A limitação estabelecida pela Emenda Constitucional 20/98 é curiosa, uma vez que, tratando-se de benefício previdenciário e não assistencial, não há razão atuarial para restringir a concessão do benefício ao segurado de baixa renda, chegando alguns doutrinadores a afirmar que a distinção é inconstitucional[3]. Mais adequado, talvez seria impor um teto ao valor do benefício [4]. Cumpre lembrar que, sendo o benefício calculada na mesma forma da pensão por morte, em tese ele poderia ter valor muito superior a R$ 1.025,81, caso o último salário do segurado fosse muito inferior aos salários anteriores, o que é raro na prática.
A renda em questão é a renda do segurado, não de seus dependentes, como ficou determinado pelo Supremo Tribunal Federal nos REs 587365 e 486413. Deve ser mencionada a existência de respeitável posição em contrário[5] uma vez que e a tese adotada pelo STF possibilitaria situações em que dependentes com renda significativa recebessem o benefício enquanto dependentes sem renda nenhuma não recebessem nada pelo fato da renda anterior do segurado ser de R$ 1.200,00, por exemplo.
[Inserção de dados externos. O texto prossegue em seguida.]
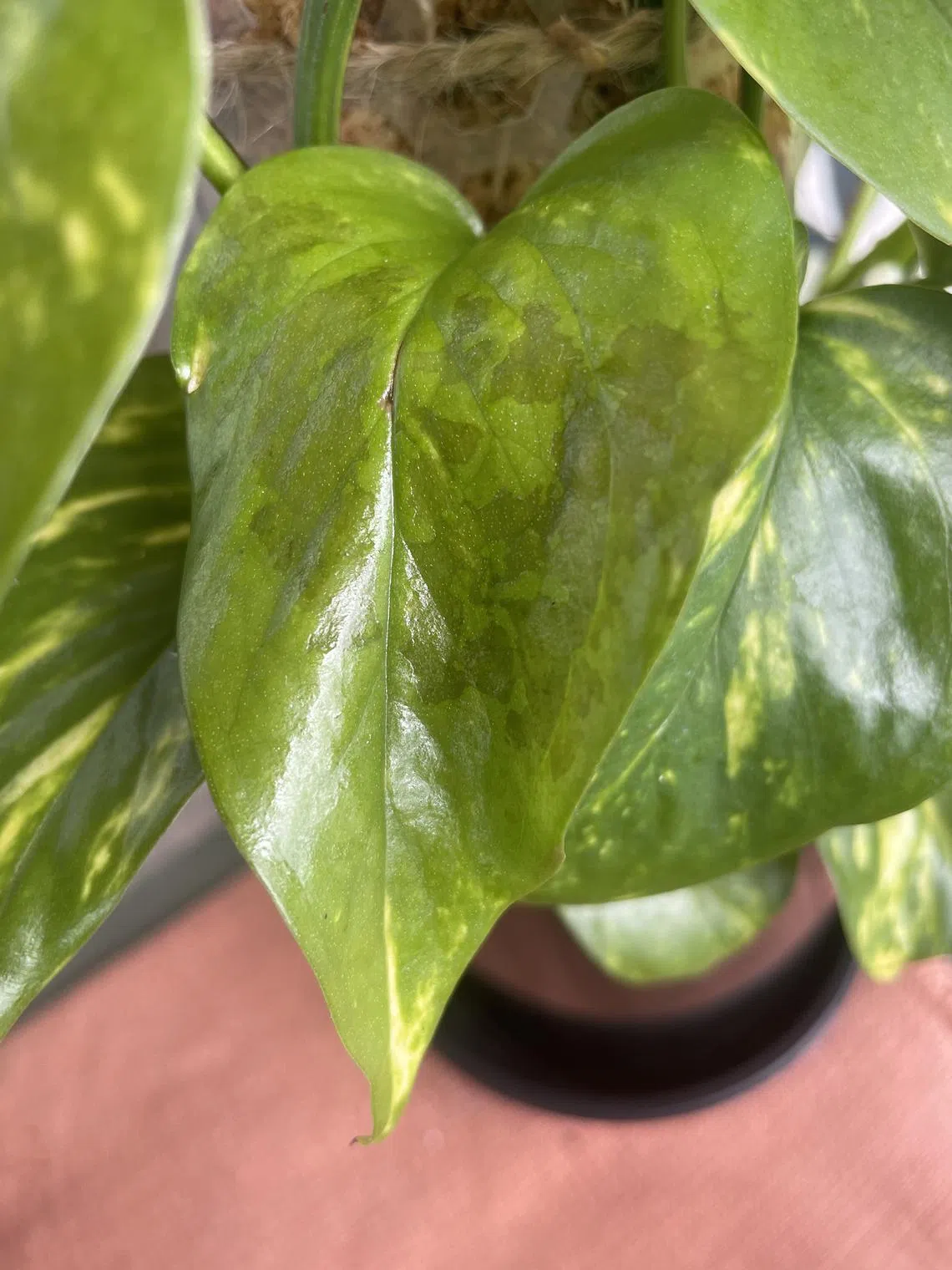 The patches on the leaves of the Golden Pothos appear to be a kind of burn.

Isso demonstra que a solução adotada não é a mais eficiente para o cumprimento do objetivo de amparar os dependentes do segurado, embora esteja de acordo com a vontade da lei, segundo o entendimento predominante.
Por fim, propõe Hermes Arrais de Alencar, “ de lege ferenda”, a ampliação do benefício para amparar também as famílias de eventuais vítimas do segurado, em caso de homicídio[6]. Tal inovação legislativa, a nosso ver, seria de grande utilidade não só para ajudar os dependentes da vítima, mas também para reduzir a resistência criada em torno da discussão e da própria existência do auxílio-reclusão.
6. Prisão e permanência
Segundo se observa do art. 116 e seguintes do Decreto 3048/99 e seus incisos, o benefício é devido durante a permanência do segurado na prisão, cabendo aos dependentes comprovar que o segurado continua encarcerado. Transcrevemos os dispositivos mais relevantes do decreto:
Art. 116.
[...]
§ 2º O pedido de auxílio-reclusão deve ser instruído com certidão do efetivo recolhimento do segurado à prisão, firmada pela autoridade competente.
[...]
§ 4º A data de início do benefício será fixada na data do efetivo recolhimento do segurado à prisão, se requerido até trinta dias depois desta, ou na data do requerimento, se posterior, observado, no que couber, o disposto no inciso I do art. 105. (Redação dada pelo Decreto nº 4.729, de 2003)
[…]
§ 5º O auxílio-reclusão é devido, apenas, durante o período em que o segurado estiver recolhido à prisão sob regime fechado ou semi-aberto. (Incluído pelo Decreto nº 4.729, de 2003)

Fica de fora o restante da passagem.